Since Rico didn't get any orders he decided to stay on a slight distance from the building, acting like a sort of sentry. He looked around, but he couldn't see a single living thing, not even a bug or small reptilian creature. Though the liveless area they were in right now, just didn't feel good. Though the absence of any dead bodies also proved the danger they were facing was either very pleasant, or it meant the enemies around here were very clever and very skilled at hiding traces of battle. He also felt like a useless little kid right now, acting like a sentry while he hated to fire firearms. 
OOC: @Doelago, you have forgotten to give me any orders


----------



## darkreever (Apr 3, 2008)

As the librarian drew some of his blood, he turned to see that his efforts were for nought. Otxo had not bothered to dally any more than they already had, and he and the apothecary were gone before the psyker had finished. (Might be a good idea to read other posts before acting and being ever so perfect and whatnot.)

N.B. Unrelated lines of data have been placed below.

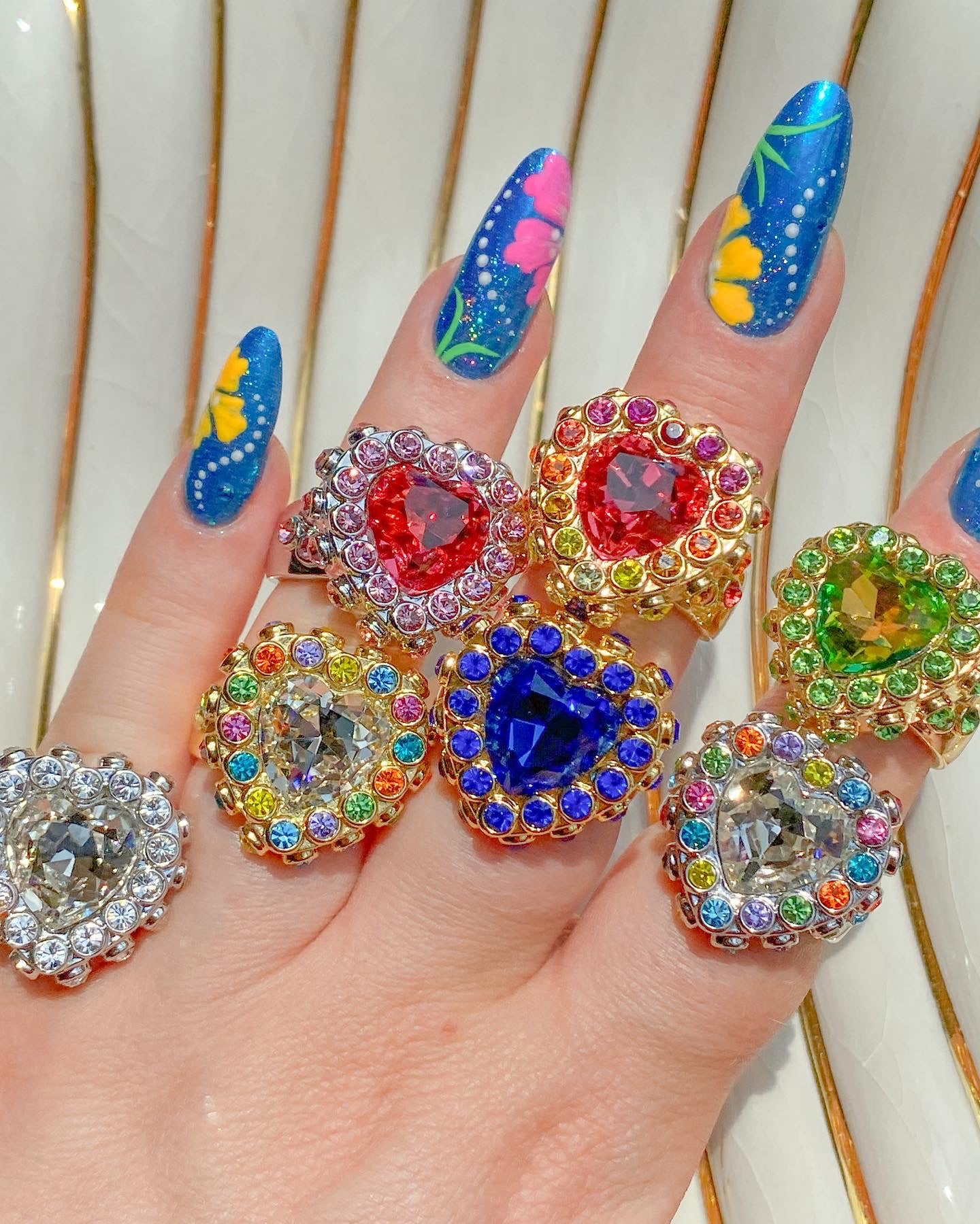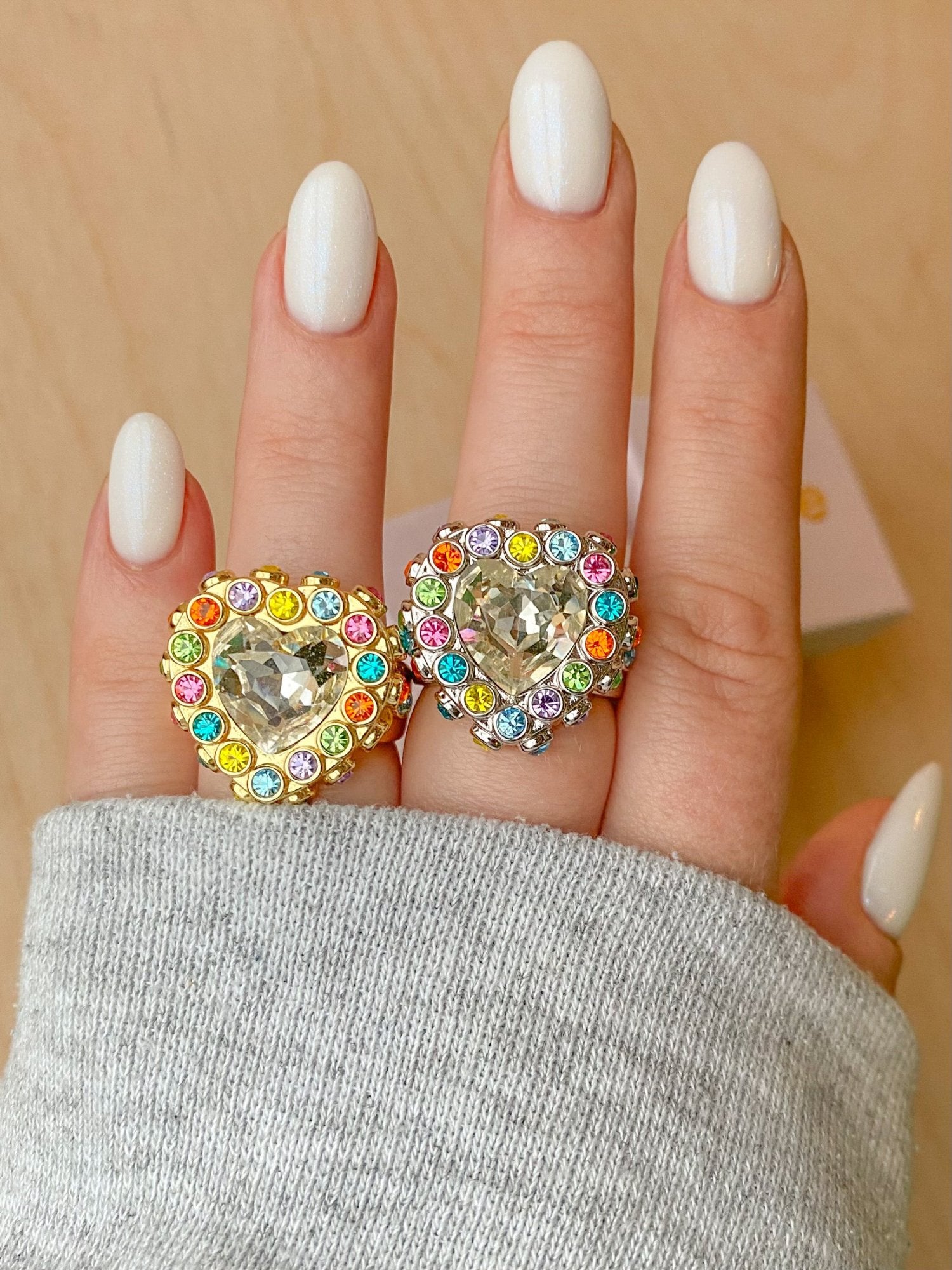 Covered in 34 little Czech crystals, with a show-stopping heart to top it off. Talk about a conversation-starting, show-stopping, statement-making ring. It really doesn't get much better than this.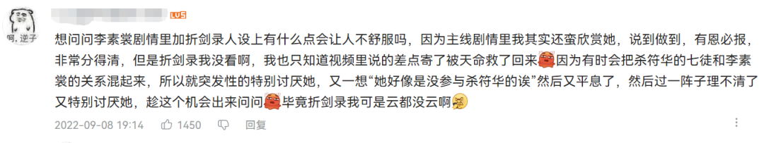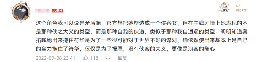 二是角色的立场和设定可谓“打破常规”,她并非主角团的一员,在故事中甚至与主角团有过冲突——在柯洛斯滕,她站在对立的立场,作为一位我方必须要跨越的对手登场;同时她也是符华的徒孙,而在视觉小说《神州折剑录》中,其母亲、师父和符华有过一段尖锐的往事。包括角色预告视频的下方,也有不少玩家在讨论这段关系。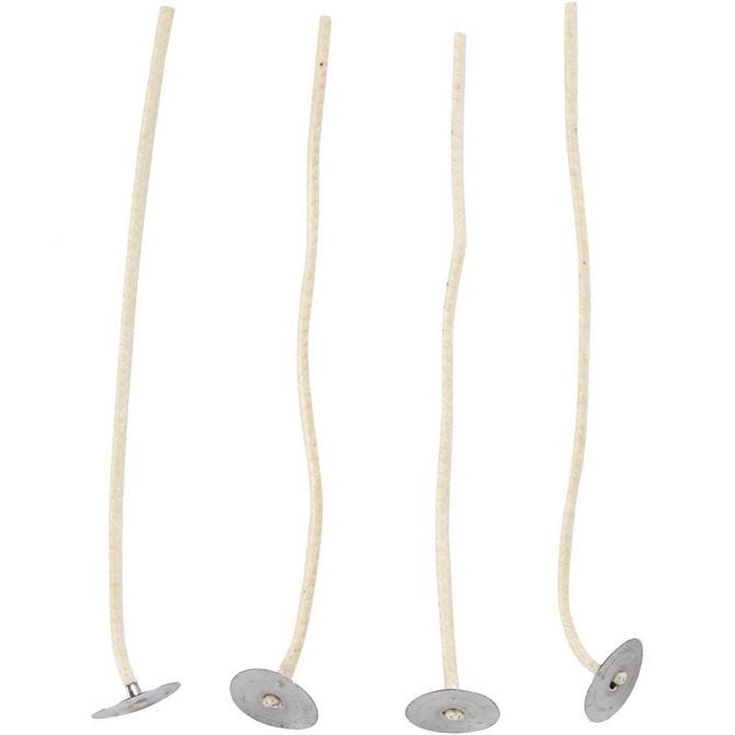 Flache, gewachste Baumwoll-Dochte mit kleinem Aluminiumteller an einem Ende - geeignet für die Kerzenherstellung mit Wachsgel, Rapswachs oder einer Mischung aus Stearin, Paraffin und reinem Wachs, z.B. in kleinen Glashaltern.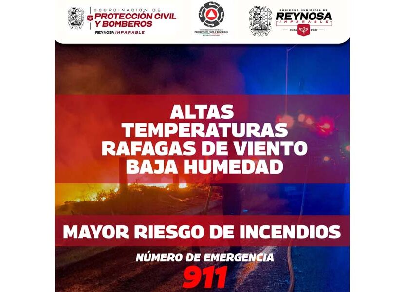 Reynosa, Tam.- El Presidente Municipal Carlos Peña Ortiz hace un llamado a la conciencia ciudadana, para que eviten encender fuego con cualquier motivo, así como tirar colillas de cigarro sin apagar, para evitar incendios que debido a las condiciones climáticas pueden ser difíciles de controlar. La baja humedad ambiental, altas temperaturas y ráfagas de viento, son un factor que favorece…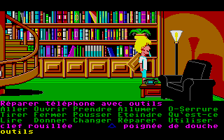 Jugez plutôt. Maniac Mansion, issu de l'imagination de Ron Gilbert, est un jeu d'aventure somme toute classique pour aujourd'hui, mais diablement novateur pour l'époque. Son principe est assez simple : il faudra diriger le personnage dans les différentes pièces en lui donnant des ordres à l'aide de verbes figurant sur le bas de l'écran en les assignant avec des objets ou des personnages. Les interactions avec le décor sont donc nombreuses et une action typique sera de sélectionner le verbe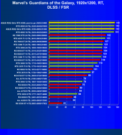 Результаты тестов со включенной аппаратной трассировкой лучей и/или DLSS/FSR в разрешениях 1920×1200, 2560×1440 и 3840×2160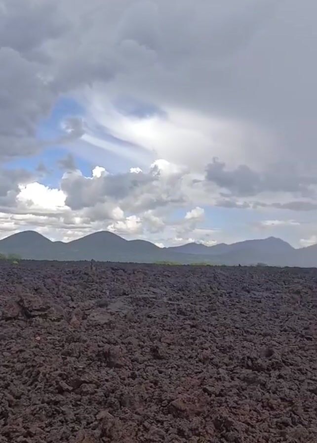 The video depicts a broad, flat landscape composed of dark, rocky terrain, likely cooled lava. In the distance, a range of hills is visible, with a strip of green vegetation along the horizon, separating the rocky ground from the hills. The sky is filled with a mixture of gray and white clouds, partially obscuring a patch of blue sky. The camera pans slightly, offering a wider view of the expanse of lava rock and the sky above.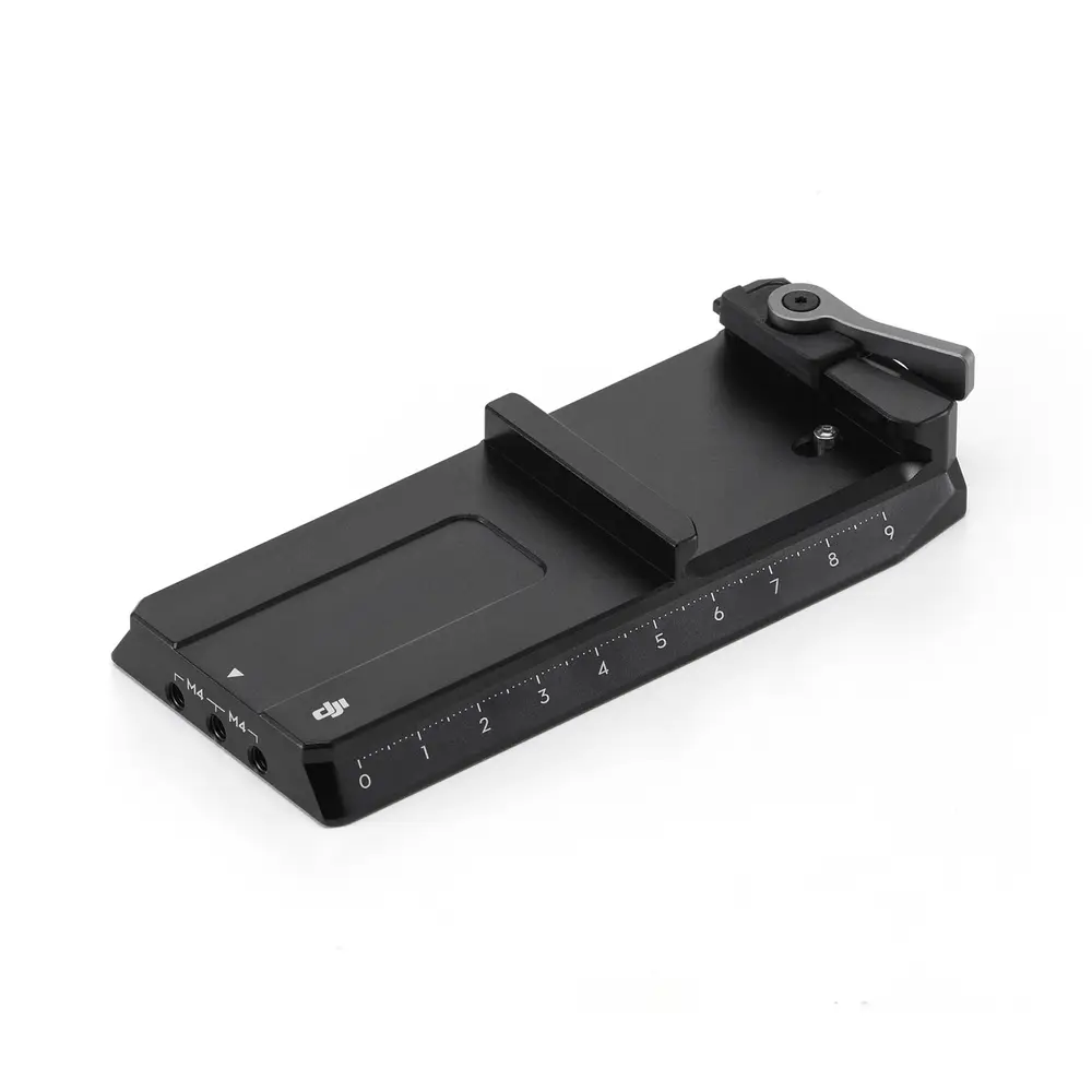 Die untere Schnellwechselplatte hat zwei Skalen auf beiden Seiten und einen gezahnten Schlitz. Der Feineinstellungsknopf an der Neigeachse des Gimbals erlaubt millimetergenaue Einstellungen beim Kamera- oder Objektivwechsel.Die untere Schnellwechselplatte verfügt über eine Skala auf beiden Seiten und ein gezahntes Schlitzdesign an der Unterseite. Sie ergänzt den Feineinstellungsknopf an der Kippachse des Gimbals, so dass Kameraleute beim Wechsel von Kameras oder Objektiven millimetergenaue Einstellungen vornehmen können. Außerdem erleichtert sie den schnellen Wechsel zwischen Stativen und Stabilisatoren für die Kamera.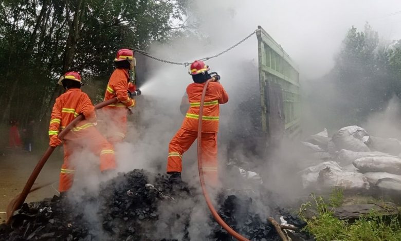 Ia menjelaskan, setelah mendapat laporan, petugas Damkar bergerak cepat turun menuju lokasi guna memadamkan api ditumpukan arang, sehingga api tidak sampai melalap habis seluruh badan Truck Fuso itu dan dapat segera dipadamkan.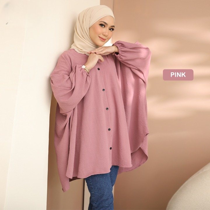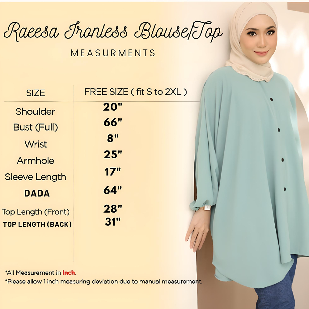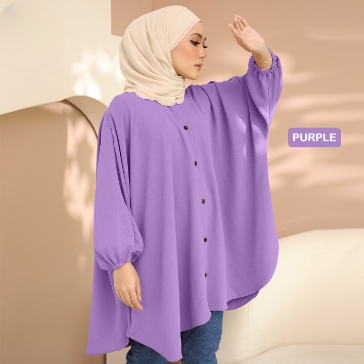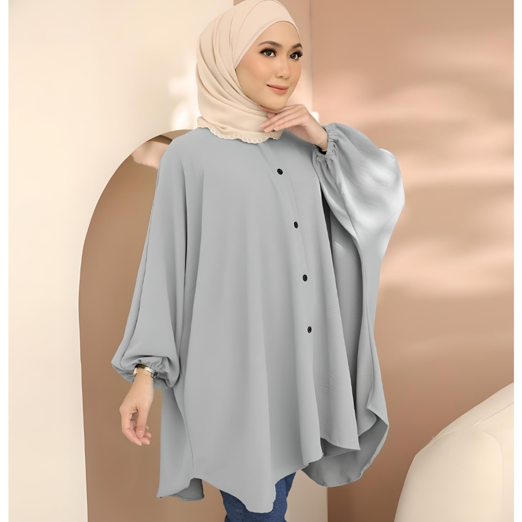 New Korean Blouse Women Ironless Baggy Blouse Buttons Muslimah Blouse Plus Size Loose Shirt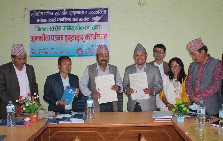 आयोगकातर्फबाट उपाध्यक्ष खड्का र स्थानीय तहकातर्फबाट प्रमुखहरुले सम्झौता–पत्रमा हस्ताक्षर गरेका छन् । आयोग र स्थानीय तहबीचमा सम्झौता भएसँगै ३५ दिने सूचना जारी हुने तथा भूमिहीन र अव्यवस्थित बसोबासीको आवेदन सङ्कलन गरेर जमिनको व्यवस्था मिलाइने आयोगका जिल्ला अध्यक्ष सुरेश राईले बताउनुभयो ।

Seeking targets with his bolter, Otxo was unfortunate to not find any before he jerked his head for the apothecary to advance on the nearest entryway. "Let us press on apothecary, this lack of life does not feel right." He said through their internal vox units.


[bloodthrister, four line minimum remember, please add to the above one or I'll be removing it in 48 hours time.]


----------



## Doelago (Nov 29, 2009)

The machine warrior known as Nro. 921934744 walked through the forest along with several hundred other soulless machines. 271 meters in front of him, there was a building, a monument of the betrayers, known as "humans". Suddenly he noticed something, it was one of them, a human. The heretic was clad in a green suit a armor, and it was carrying a gun, which was giving away heat signatures. It took half a second for Nro. 921934744 to identify the weapon as a newer version of the "BSX 9 Pattern Flamethrower". 7 Meters away from the green clad human, there was a black clad one, with a sword and a unidentified version of a human sidearm. Nro. 921934744 lifted his "BXCCS Pattern Plasma Rifle" into the air so it pointed at the green clad one. Every other warrior did the same thing simultaneously and everyone was marching towards the building. This was their tome for revenge, and no one would stop them. Nro. 921934744 fired and suddenly the air was filled whit blue light and the green clad heretic blew apart.


--- 


"*AMBUSH!*Brother Agnathio is dead, we are under attack, I repeat we are under attack! Unidentified hostiles at 7 O`clock! Strike from the skies brother Rico.Brother Acris and Irjihan, give us fire support. Brother Otxo and Boogle, get the damn STC out of there, we will buy you time with our blood! Meet you at the roof!"

Doelago charged sword in hand bolt-pistol firing at full auto against the enemies of the Emperor.

"*No Fear! No Pity! NO REMORSE!*"


----------



## bloodthrister (Mar 29, 2008)

Rico's vox started to come to live: "*AMBUSH!Brother Agnathio is dead, we are under attack, I repeat we are under attack! Unidentified hostiles at 7 O`clock! Strike from the skies brother Rico.*" After that Rico fired up his jump pack and moved to where he thought they would be. In the air he could see units he couldn't recognise at that moment. He managed to land behind them and swung with his power weapon. slicing two of the robotics down, after that he jumped right away, to prevent he'd get counterattacked right away. "_Sir, what are those you think? Didn't the librarian sense them?_" Rico voxed to Doelago


----------



## Doelago (Nov 29, 2009)

Otxo and Boogle, you are trying to get into the building, but there are no doors, so you have two options: 

1: Get to the roof and jump in through the escape hatch!
2: Blow a hole into the wall!


Irjahan and Acrias, you are taking heavy fire! Get some cover and return fire! Or you can run like cowards...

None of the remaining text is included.